Adaptive Multi-Class Audio Classification in Noisy In-Vehicle Environment
This addresses the problem of accurate audio classification for automotive human-device interactions, though it is incremental as it adapts existing methods to a specific noisy environment.
The paper tackles audio classification in noisy in-vehicle environments by developing an adaptive system that classifies audio streams into categories like music and speech, achieving improvements of up to 166% in accuracy for speech classification compared to non-adaptive methods.

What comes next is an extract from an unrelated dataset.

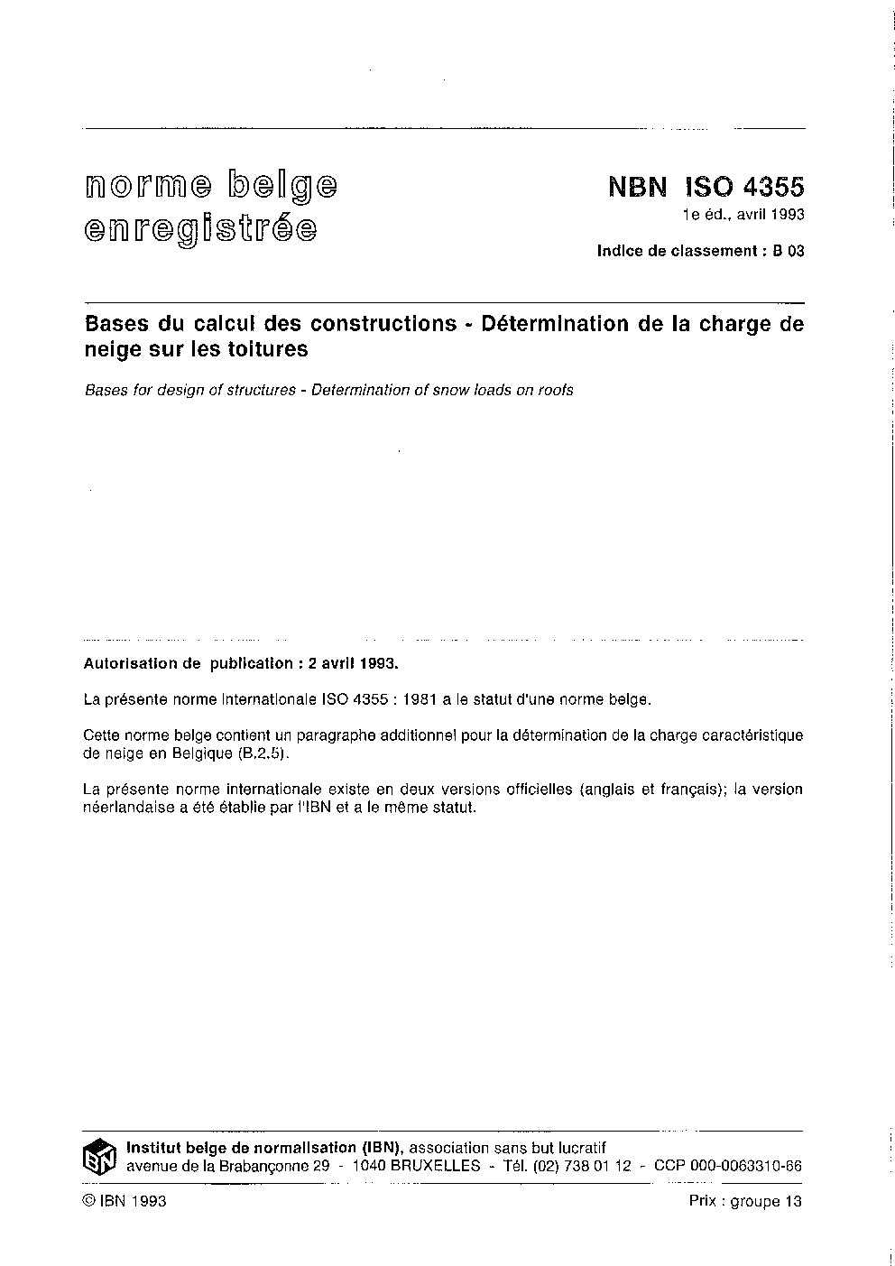| Publisher | Bureau de Normalisation Belge (NBN) |

With ever-increasing number of car-mounted electric devices and their complexity, audio classification is increasingly important for the automotive industry as a fundamental tool for human-device interactions. Existing approaches for audio classification, however, fall short as the unique and dynamic audio characteristics of in-vehicle environments are not appropriately taken into account. In this paper, we develop an audio classification system that classifies an audio stream into music, speech, speech+music, and noise, adaptably depending on driving environments including highway, local road, crowded city, and stopped vehicle. More than 420 minutes of audio data including various genres of music, speech, speech+music, and noise are collected from diverse driving environments. The results demonstrate that the proposed approach improves the average classification accuracy up to 166%, and 64% for speech, and speech+music, respectively, compared with a non-adaptive approach in our experimental settings.